> Work instruction: Using the records below, transcribe word for word the stretch from the line that contains "브라더 HL-L5100DN 토너" through the line that contains "levels, high playability.", both end lines included, and nothing else.

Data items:

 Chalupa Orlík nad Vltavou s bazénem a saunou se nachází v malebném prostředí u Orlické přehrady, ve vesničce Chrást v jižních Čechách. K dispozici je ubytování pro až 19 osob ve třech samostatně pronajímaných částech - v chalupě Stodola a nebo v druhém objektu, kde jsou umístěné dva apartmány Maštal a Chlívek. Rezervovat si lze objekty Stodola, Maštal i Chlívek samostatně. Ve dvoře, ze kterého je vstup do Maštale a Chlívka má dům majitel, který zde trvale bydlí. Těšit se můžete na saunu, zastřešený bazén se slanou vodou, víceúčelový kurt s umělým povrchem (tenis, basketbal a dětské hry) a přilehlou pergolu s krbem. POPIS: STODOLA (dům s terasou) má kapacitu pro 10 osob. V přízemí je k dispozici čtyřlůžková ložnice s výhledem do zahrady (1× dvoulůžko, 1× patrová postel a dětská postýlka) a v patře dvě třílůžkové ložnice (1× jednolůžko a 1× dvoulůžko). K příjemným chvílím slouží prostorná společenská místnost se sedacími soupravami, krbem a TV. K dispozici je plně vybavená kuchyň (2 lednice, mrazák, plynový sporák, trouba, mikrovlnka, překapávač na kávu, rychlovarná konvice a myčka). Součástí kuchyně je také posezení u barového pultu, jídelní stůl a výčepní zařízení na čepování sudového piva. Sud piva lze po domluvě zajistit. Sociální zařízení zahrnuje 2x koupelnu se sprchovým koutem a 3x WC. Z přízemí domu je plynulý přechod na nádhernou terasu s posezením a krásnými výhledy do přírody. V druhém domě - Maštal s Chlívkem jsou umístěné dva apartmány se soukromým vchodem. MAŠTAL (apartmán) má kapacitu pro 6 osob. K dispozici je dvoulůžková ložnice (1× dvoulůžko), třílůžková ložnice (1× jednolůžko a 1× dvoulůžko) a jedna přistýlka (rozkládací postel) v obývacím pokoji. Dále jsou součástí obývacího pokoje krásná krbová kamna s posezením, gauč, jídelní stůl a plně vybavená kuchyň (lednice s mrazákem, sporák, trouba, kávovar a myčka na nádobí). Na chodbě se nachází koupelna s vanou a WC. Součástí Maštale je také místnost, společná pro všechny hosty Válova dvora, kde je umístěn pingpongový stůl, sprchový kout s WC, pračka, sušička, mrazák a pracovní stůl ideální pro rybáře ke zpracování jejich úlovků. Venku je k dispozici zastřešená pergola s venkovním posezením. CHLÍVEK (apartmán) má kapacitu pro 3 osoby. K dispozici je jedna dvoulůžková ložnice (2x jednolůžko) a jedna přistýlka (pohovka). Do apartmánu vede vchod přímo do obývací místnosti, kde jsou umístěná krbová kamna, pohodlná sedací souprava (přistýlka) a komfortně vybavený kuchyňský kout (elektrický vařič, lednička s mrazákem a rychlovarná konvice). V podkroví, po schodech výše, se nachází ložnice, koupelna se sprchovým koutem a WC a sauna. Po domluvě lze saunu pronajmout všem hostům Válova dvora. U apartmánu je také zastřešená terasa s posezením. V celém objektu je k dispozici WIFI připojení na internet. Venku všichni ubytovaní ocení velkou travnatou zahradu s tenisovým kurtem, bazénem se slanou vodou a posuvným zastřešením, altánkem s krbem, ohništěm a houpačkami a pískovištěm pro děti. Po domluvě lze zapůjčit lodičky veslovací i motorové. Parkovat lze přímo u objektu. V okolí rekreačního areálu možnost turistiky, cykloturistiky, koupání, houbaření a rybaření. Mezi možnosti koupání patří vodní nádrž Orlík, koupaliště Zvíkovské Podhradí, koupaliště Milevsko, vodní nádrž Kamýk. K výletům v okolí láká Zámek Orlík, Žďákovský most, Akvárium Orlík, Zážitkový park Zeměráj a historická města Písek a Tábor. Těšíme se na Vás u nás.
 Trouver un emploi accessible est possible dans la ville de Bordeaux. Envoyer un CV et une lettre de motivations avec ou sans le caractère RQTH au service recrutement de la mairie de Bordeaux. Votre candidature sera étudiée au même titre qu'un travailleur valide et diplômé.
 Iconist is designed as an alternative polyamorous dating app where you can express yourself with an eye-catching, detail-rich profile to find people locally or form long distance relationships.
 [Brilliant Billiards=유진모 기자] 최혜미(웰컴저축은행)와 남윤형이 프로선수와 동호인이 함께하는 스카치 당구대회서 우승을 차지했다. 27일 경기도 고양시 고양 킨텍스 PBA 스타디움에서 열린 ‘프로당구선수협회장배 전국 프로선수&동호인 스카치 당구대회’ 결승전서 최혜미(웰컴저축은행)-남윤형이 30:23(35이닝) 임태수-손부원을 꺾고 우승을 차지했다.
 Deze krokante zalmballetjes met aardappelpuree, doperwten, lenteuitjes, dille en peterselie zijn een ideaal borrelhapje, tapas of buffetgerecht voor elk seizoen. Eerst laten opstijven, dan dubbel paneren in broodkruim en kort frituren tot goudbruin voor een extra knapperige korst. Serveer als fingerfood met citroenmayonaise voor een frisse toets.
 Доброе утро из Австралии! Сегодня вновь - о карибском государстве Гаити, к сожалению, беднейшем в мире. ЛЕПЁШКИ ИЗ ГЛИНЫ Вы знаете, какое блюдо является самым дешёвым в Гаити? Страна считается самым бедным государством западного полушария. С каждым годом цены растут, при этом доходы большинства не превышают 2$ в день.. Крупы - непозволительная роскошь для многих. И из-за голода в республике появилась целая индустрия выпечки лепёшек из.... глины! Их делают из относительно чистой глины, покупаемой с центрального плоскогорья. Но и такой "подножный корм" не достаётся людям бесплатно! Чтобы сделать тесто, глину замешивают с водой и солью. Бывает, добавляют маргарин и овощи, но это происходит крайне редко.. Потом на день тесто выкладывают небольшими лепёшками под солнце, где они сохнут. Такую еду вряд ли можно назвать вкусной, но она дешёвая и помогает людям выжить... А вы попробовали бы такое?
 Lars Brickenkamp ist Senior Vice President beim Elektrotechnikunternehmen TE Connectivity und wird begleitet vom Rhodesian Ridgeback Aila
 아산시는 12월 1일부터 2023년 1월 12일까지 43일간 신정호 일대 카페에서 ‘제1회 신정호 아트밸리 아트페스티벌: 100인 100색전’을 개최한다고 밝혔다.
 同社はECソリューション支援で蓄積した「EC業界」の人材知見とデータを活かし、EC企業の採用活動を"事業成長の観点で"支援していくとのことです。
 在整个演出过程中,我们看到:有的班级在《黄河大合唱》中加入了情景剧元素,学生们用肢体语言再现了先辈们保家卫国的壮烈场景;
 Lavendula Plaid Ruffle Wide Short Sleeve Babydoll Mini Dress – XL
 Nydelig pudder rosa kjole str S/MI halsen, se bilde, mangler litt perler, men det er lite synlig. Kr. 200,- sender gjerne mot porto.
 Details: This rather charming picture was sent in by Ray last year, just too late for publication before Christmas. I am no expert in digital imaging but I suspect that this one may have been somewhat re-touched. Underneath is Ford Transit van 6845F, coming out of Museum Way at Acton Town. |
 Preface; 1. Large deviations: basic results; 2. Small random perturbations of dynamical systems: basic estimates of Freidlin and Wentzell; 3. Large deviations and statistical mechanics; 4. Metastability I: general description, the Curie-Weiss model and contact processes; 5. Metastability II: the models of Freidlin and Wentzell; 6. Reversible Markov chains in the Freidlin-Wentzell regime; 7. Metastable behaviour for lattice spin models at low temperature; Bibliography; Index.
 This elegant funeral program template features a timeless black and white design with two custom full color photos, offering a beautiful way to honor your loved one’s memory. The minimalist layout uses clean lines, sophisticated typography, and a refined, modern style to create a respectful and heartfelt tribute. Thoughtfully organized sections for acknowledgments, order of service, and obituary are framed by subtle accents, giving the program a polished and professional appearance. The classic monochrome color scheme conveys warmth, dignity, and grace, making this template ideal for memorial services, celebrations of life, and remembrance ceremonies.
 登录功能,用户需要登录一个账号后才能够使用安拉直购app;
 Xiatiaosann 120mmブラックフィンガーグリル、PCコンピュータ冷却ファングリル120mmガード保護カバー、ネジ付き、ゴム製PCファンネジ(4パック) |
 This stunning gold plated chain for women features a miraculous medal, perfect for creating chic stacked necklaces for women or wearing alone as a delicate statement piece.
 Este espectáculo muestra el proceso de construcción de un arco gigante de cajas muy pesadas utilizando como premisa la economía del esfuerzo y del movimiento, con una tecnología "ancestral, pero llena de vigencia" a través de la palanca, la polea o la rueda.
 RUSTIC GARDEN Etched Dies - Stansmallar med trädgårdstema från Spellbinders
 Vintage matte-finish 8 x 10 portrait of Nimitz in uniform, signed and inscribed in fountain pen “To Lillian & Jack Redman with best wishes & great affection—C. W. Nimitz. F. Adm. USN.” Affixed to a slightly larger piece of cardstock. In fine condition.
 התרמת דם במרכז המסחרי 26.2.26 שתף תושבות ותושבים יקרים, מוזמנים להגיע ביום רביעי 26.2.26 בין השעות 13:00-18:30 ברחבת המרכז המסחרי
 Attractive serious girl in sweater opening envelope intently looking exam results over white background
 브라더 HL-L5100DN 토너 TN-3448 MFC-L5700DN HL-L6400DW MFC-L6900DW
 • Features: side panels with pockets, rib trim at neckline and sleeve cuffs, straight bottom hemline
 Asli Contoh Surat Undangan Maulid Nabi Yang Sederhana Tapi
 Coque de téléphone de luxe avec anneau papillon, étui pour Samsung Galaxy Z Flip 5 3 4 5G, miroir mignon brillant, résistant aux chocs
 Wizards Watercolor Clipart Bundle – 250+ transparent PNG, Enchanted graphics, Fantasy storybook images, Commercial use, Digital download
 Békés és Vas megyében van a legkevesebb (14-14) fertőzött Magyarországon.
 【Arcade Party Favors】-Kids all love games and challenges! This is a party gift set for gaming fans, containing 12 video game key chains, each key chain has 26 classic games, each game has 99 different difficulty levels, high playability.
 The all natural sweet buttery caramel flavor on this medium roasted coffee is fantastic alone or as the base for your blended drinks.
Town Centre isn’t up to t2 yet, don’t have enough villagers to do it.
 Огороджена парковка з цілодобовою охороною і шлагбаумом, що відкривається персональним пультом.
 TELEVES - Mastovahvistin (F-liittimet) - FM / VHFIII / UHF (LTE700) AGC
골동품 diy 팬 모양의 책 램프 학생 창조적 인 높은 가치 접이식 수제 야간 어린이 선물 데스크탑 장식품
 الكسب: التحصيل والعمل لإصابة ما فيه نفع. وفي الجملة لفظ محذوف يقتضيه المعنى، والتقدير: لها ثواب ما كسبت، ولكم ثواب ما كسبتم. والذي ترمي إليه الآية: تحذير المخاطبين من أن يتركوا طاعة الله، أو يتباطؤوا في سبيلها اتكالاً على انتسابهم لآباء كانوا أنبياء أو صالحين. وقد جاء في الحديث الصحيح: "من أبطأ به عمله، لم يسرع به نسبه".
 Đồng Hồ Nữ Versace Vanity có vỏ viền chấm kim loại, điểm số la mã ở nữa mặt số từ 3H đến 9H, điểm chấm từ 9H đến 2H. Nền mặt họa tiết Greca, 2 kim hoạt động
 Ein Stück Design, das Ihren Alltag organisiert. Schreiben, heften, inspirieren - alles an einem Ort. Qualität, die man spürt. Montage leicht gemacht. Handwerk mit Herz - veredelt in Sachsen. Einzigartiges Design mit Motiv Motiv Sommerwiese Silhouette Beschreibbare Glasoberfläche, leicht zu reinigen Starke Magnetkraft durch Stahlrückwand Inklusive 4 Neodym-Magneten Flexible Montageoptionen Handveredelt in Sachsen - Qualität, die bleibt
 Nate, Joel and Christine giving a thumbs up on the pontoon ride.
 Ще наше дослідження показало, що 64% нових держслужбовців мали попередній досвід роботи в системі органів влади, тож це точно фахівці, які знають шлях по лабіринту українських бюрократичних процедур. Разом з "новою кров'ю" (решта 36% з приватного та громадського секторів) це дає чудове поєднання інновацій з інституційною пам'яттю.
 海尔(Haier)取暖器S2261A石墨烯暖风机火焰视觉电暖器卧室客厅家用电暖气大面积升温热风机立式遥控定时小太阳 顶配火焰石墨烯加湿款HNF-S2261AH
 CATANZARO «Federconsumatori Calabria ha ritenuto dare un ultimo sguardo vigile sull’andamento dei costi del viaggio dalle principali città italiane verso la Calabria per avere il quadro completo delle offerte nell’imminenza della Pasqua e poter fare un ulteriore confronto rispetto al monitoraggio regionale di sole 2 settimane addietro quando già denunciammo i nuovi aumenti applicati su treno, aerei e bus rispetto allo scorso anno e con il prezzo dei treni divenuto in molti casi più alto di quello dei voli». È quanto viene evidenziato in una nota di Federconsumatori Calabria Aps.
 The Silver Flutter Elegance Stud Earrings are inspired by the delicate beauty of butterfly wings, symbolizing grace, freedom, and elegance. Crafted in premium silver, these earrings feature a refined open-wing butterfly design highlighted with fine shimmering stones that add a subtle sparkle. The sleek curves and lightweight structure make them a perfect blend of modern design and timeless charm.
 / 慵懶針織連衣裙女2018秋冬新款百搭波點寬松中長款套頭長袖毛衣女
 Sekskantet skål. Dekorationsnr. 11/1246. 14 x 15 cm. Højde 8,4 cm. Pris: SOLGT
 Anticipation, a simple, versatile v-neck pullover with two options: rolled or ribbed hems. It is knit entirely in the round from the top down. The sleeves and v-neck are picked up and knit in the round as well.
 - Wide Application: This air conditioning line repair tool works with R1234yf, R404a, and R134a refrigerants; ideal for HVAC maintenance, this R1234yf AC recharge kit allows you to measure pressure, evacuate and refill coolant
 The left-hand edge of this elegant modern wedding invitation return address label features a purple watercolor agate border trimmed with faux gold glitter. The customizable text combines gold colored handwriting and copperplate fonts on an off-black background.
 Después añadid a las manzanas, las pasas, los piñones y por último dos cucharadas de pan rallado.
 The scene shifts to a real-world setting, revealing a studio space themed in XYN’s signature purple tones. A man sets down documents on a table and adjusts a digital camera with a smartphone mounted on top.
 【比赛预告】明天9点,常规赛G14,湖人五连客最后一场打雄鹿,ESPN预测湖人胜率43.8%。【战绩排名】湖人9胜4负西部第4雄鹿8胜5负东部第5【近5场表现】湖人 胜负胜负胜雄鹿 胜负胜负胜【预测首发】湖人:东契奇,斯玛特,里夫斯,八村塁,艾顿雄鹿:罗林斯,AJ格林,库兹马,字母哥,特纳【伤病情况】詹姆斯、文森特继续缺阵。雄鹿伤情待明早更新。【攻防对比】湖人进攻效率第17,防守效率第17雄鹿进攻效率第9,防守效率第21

> Answer to the exercise:
 브라더 HL-L5100DN 토너 TN-3448 MFC-L5700DN HL-L6400DW MFC-L6900DW
 • Features: side panels with pockets, rib trim at neckline and sleeve cuffs, straight bottom hemline
 Asli Contoh Surat Undangan Maulid Nabi Yang Sederhana Tapi
 Coque de téléphone de luxe avec anneau papillon, étui pour Samsung Galaxy Z Flip 5 3 4 5G, miroir mignon brillant, résistant aux chocs
 Wizards Watercolor Clipart Bundle – 250+ transparent PNG, Enchanted graphics, Fantasy storybook images, Commercial use, Digital download
 Békés és Vas megyében van a legkevesebb (14-14) fertőzött Magyarországon.
 【Arcade Party Favors】-Kids all love games and challenges! This is a party gift set for gaming fans, containing 12 video game key chains, each key chain has 26 classic games, each game has 99 different difficulty levels, high playability.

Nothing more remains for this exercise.